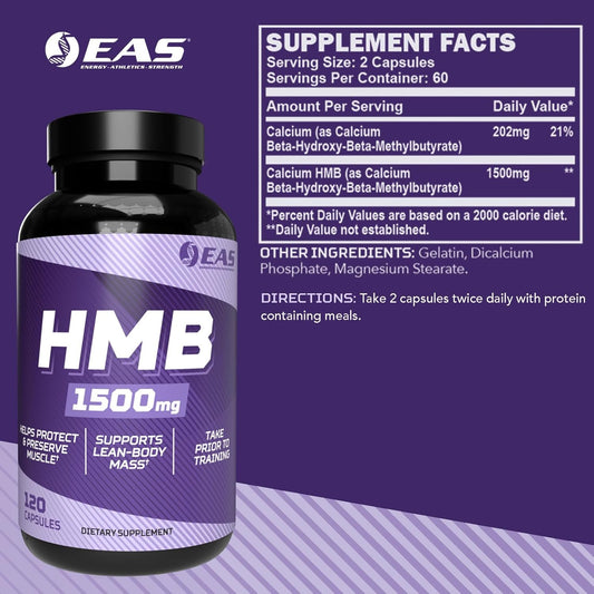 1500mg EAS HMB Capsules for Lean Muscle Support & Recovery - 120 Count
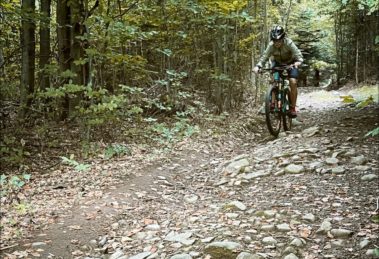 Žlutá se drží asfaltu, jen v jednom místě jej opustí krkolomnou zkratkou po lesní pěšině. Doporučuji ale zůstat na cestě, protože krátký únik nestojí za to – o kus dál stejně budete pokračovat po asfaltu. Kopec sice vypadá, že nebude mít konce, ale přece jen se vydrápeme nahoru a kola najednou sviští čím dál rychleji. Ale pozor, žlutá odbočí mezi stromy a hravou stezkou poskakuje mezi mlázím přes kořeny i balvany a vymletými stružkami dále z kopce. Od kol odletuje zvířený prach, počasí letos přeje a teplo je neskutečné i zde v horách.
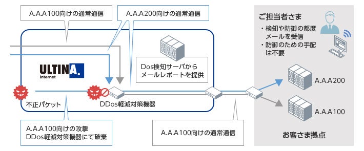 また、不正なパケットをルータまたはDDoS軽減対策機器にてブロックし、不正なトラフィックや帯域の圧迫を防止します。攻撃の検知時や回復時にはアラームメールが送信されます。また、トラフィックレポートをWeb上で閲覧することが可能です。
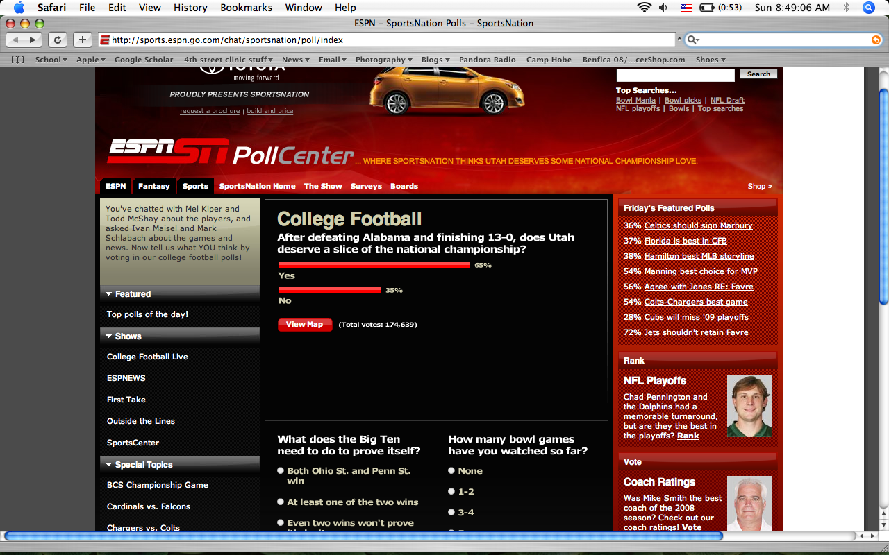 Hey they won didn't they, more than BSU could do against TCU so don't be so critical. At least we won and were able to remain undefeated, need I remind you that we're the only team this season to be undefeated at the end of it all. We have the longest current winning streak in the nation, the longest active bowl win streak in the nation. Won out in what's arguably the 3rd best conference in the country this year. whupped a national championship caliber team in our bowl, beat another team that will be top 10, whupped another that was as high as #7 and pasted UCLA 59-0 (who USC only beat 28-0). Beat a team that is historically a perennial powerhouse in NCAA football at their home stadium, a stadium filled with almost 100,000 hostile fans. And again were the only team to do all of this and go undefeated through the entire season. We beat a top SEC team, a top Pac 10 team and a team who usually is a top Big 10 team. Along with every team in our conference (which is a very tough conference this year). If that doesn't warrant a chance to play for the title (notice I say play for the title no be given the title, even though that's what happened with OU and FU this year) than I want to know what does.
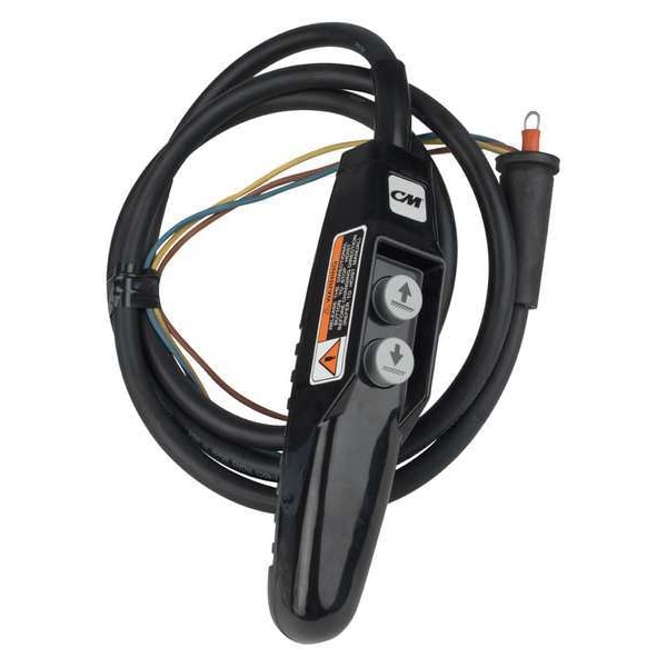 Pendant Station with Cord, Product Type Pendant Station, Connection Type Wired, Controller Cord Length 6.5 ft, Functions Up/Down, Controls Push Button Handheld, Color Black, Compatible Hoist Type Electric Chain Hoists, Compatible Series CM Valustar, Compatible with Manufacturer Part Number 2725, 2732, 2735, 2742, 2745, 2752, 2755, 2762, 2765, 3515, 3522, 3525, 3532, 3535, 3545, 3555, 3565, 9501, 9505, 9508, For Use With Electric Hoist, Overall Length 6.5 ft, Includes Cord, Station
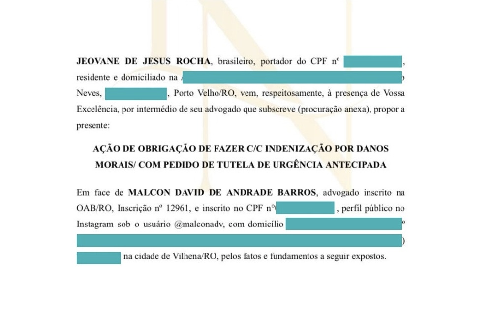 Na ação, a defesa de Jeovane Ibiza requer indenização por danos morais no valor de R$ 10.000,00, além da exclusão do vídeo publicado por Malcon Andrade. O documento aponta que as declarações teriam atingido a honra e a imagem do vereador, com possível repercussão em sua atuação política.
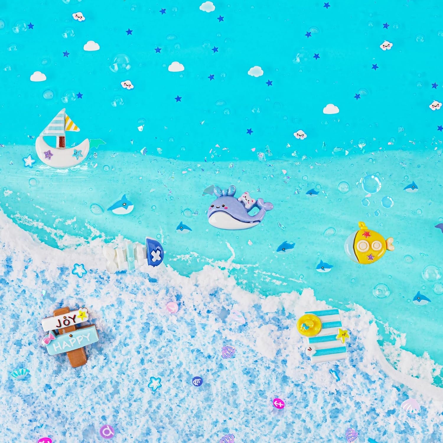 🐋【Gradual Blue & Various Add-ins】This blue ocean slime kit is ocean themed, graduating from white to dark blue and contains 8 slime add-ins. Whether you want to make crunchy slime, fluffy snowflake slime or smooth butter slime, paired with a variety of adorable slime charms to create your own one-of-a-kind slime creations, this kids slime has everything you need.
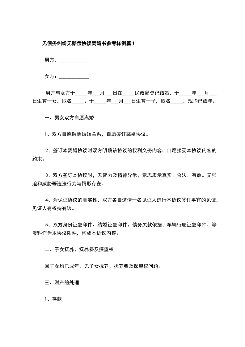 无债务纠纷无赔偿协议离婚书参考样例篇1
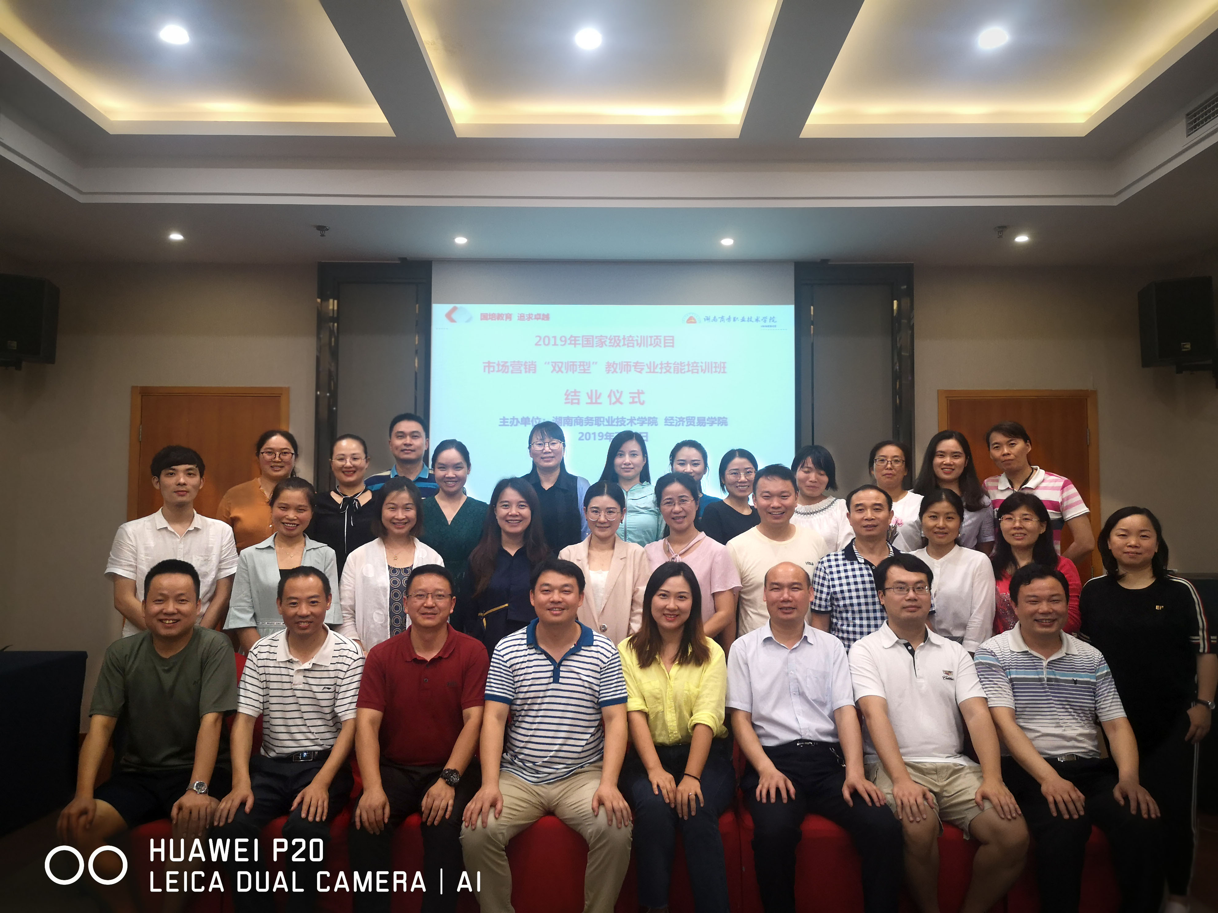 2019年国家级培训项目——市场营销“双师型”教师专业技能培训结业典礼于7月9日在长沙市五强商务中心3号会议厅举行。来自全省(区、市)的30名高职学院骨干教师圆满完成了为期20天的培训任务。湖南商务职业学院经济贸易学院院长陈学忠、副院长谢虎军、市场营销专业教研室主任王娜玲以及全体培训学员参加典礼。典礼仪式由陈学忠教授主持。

--- --- ---

→ PROBLEM STATEMENT:
Your output is the lines from the top of the entries through the line containing "Hey they won", exactly as they stand. No pictures belong in it.

→ RESPONSE:
 1500mg EAS HMB Capsules for Lean Muscle Support & Recovery - 120 Count
 Žlutá se drží asfaltu, jen v jednom místě jej opustí krkolomnou zkratkou po lesní pěšině. Doporučuji ale zůstat na cestě, protože krátký únik nestojí za to – o kus dál stejně budete pokračovat po asfaltu. Kopec sice vypadá, že nebude mít konce, ale přece jen se vydrápeme nahoru a kola najednou sviští čím dál rychleji. Ale pozor, žlutá odbočí mezi stromy a hravou stezkou poskakuje mezi mlázím přes kořeny i balvany a vymletými stružkami dále z kopce. Od kol odletuje zvířený prach, počasí letos přeje a teplo je neskutečné i zde v horách.
 また、不正なパケットをルータまたはDDoS軽減対策機器にてブロックし、不正なトラフィックや帯域の圧迫を防止します。攻撃の検知時や回復時にはアラームメールが送信されます。また、トラフィックレポートをWeb上で閲覧することが可能です。
 Hey they won didn't they, more than BSU could do against TCU so don't be so critical. At least we won and were able to remain undefeated, need I remind you that we're the only team this season to be undefeated at the end of it all. We have the longest current winning streak in the nation, the longest active bowl win streak in the nation. Won out in what's arguably the 3rd best conference in the country this year. whupped a national championship caliber team in our bowl, beat another team that will be top 10, whupped another that was as high as #7 and pasted UCLA 59-0 (who USC only beat 28-0). Beat a team that is historically a perennial powerhouse in NCAA football at their home stadium, a stadium filled with almost 100,000 hostile fans. And again were the only team to do all of this and go undefeated through the entire season. We beat a top SEC team, a top Pac 10 team and a team who usually is a top Big 10 team. Along with every team in our conference (which is a very tough conference this year). If that doesn't warrant a chance to play for the title (notice I say play for the title no be given the title, even though that's what happened with OU and FU this year) than I want to know what does.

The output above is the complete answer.